Voters will go to the polls in England, Scotland and Wales for the biggest test of public opinion since Keir Starmer won a landslide general election victory less than two years ago.
Since then, however, Labour and the prime minister’s popularity has plummeted following a series of gaffes, ministerial resignations, controversies and scandals.
Ben Walker, co-founder of polling analysts Britain Elects and a Labour councillor, said May 7 is shaping up to be disastrous for his party as well as the Conservatives.
In a post on X, he said: “Putting together the English local election forecast. Scotland and Wales done.
“I have to say, and not to give a sneak peak, but to affirm what’s been written elsewhere: this May is going to be absolutely terrible for the Tories. But a total bloodbath for Labour.”
Labour is facing defeat once again to the SNP in the Scottish Parliament elections, and could even come third behind Reform UK.

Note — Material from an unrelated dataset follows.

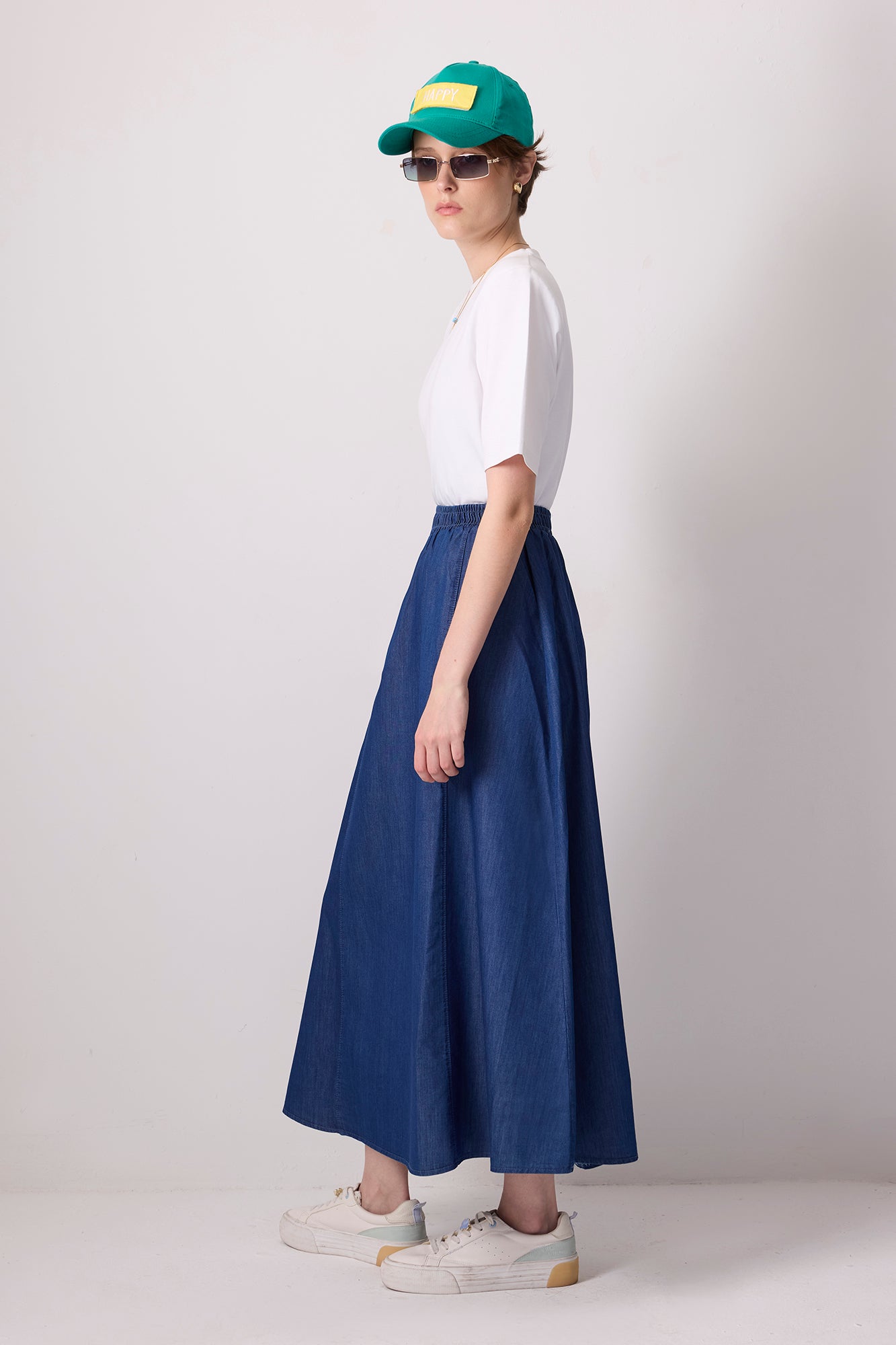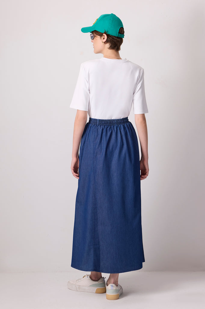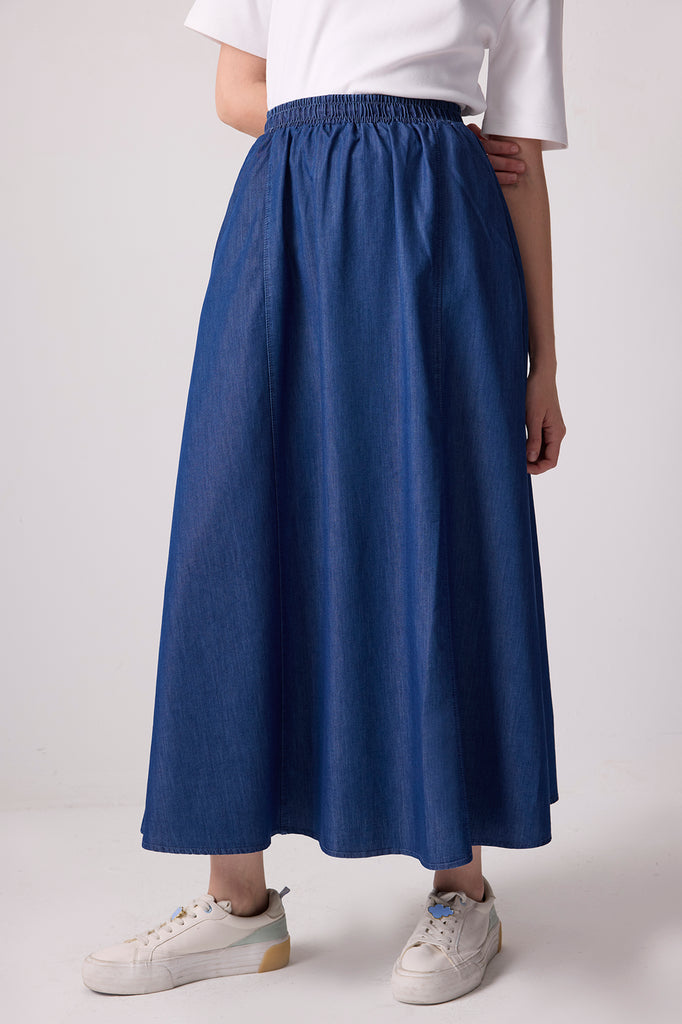 DENİM EFEKTLİ BELİ LASTİKLİ ETEK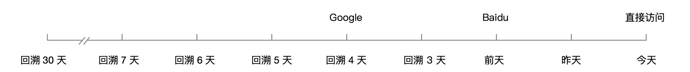 下图中,回溯 30 天,「最终非直接点击」对应的是前天 Baidu 带来的访问;因此会将本次访问的来源归因为 Baidu

The party is also set to lose power in the Welsh Senedd for the first time since it was set up in 1999, with Plaid Cymru on course to form the next government.
Around 5,000 council seats are up for election on the same day, with analysis by the Financial Times last month suggesting Labour could lose nearly 2,000 as Reform and the Greens make major gains.
A by-election held on Thursday for a seat on Rossendale Borough Council provided a foretaste of what Labour can expect on May 7.
The party’s vote share plunged by nearly 28% as they lost the seat to the Greens.
Meanwhile, Reform polled 34.5% from a standing start, 15 points more than Labour.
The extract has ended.